Should Clinical Trials of antivirals remain on the table in ME/CFS

Association of viruses with ME/CFS have been investigated for nearly half a century with mixed results. However, more recently, pilot studies with subgroups of ME/CFS patients have shown that specific antivirals work for specific subgroups of patients. The question remains however, if you don't know what causes a disease can you treat it anyway?

The news that the authors of a 2009 Science paper linking a retrovirus, XMRV, with Chronic Fatigue Syndrome (ME/CFS) have partially retracted their paper went viral in the last 48 hours. This had been building for months as negative XMRV study followed negative study as other researchers attempted to replicate the results of Lombardi et al and failed. But the original researchers stuck to their guns supported by a large group of patients desperate for answers. Many viruses have been associated with subgroups of patients and many researchers continue to suspect an infectious connection, so why was a retrovirus specifically so appealing? After all, most people would rather not have a disease caused by a retrovirus.

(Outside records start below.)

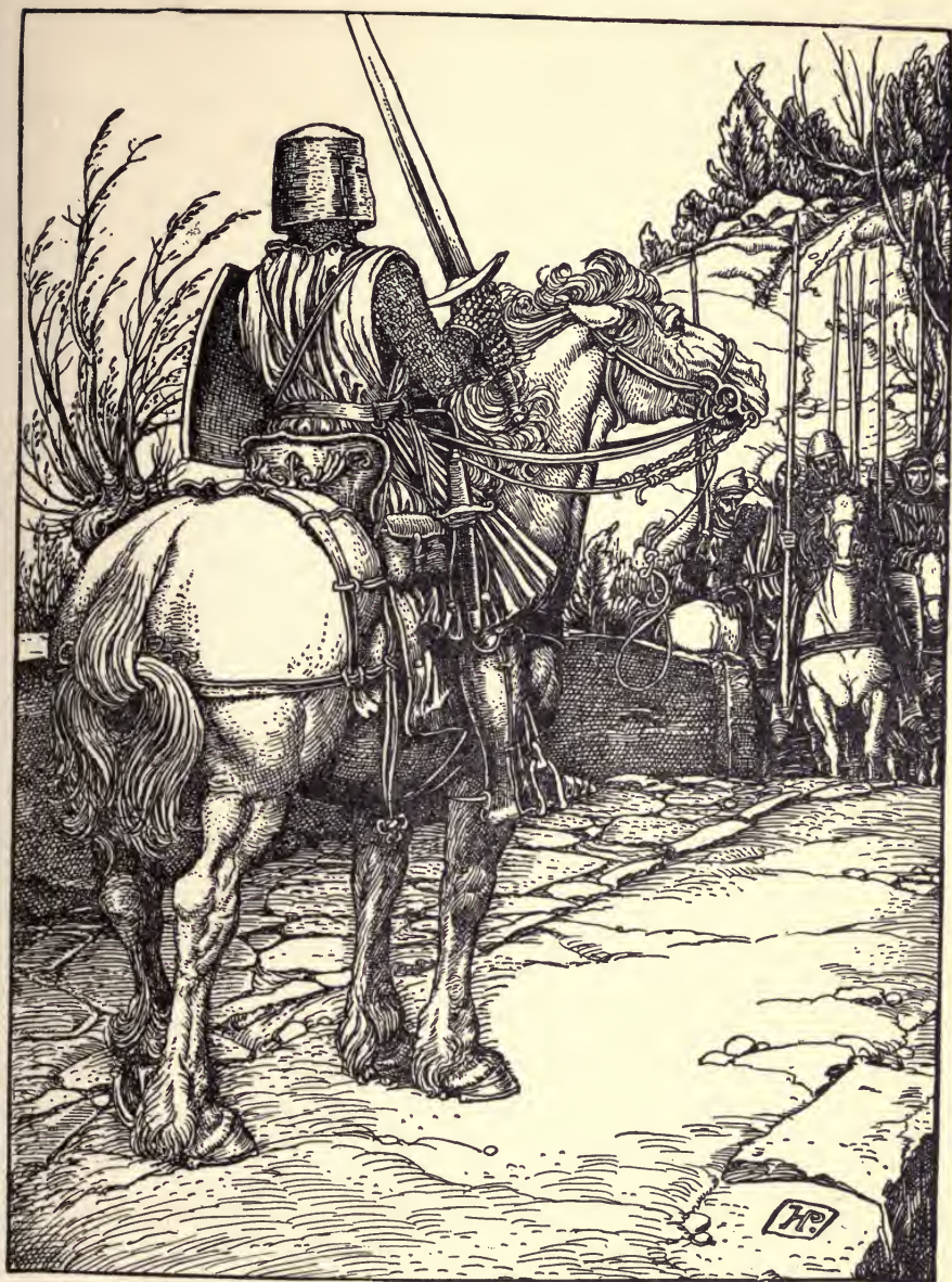
IN THE MIDDLE OF THE NARROW WAY STOOD THE-MOTIONLESS, STEEL-CLAD FIGURE.
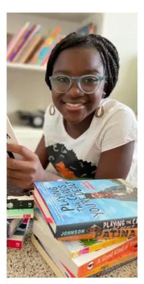
278 likes • 137 shares

Reading books from a variety of perspectives, including those of traditionally (50a) <u>marginalized</u> voices, is critical to preserving and strengthening an inclusive and vibrant nation. People like Scott are not only preserving students' right to freely choose what they read, but they're also inspiring others to fight for intellectual freedom, the freedom of expression and a society that honors diversity and representation.
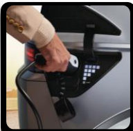
10-80% Charge in 18 mins (350kW)#
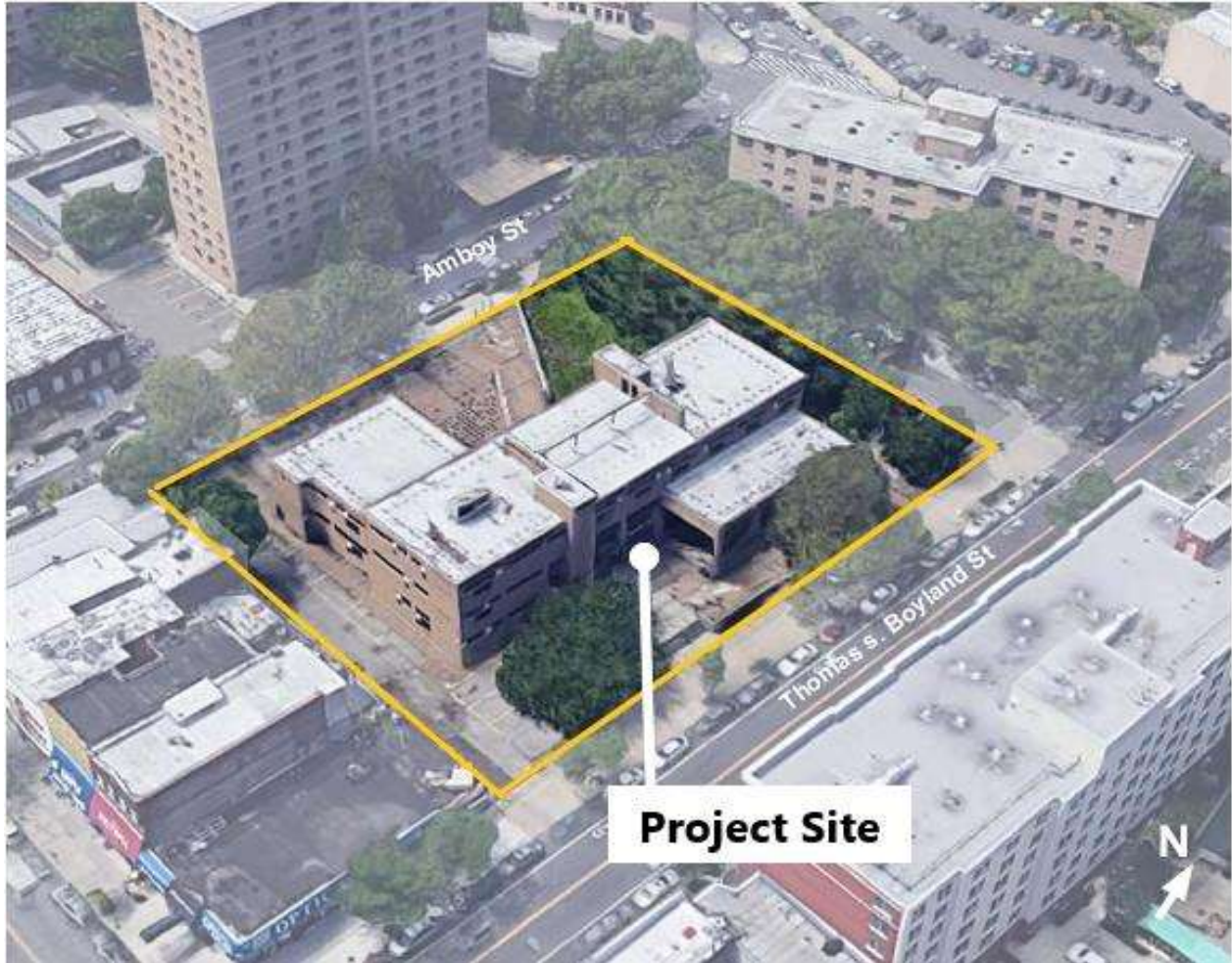
Aerial View, Site

One possible answer lies in clinical trials . Thanks in part to the retrovirus HIV, scientists have gained a great deal of knowledge about retroviruses in the past 30 years and have developed many ways to treat them in the years. CFS clinicians knew that there are already antivirals in the arsenal to combat retroviruses. Indeed in early 2010 University of Utah retrovirologist Dr. Ila Singh and colleagues published “Raltegravir Is a Potent Inhibitor of XMRV, a Virus Implicated in Prostate Cancer and Chronic Fatigue Syndrome” after testing forty-five compounds, including twenty-eight drugs approved for use in humans, against XMRV replication in test tubes (in vitro). Some patients and their clinicians began using anti-retrovirals on the basis of supposedly having tested positive for XMRV. But, as meaningful as the results might be to the individual patients such interventions are not a basis for clinical extrapolation to entire populations.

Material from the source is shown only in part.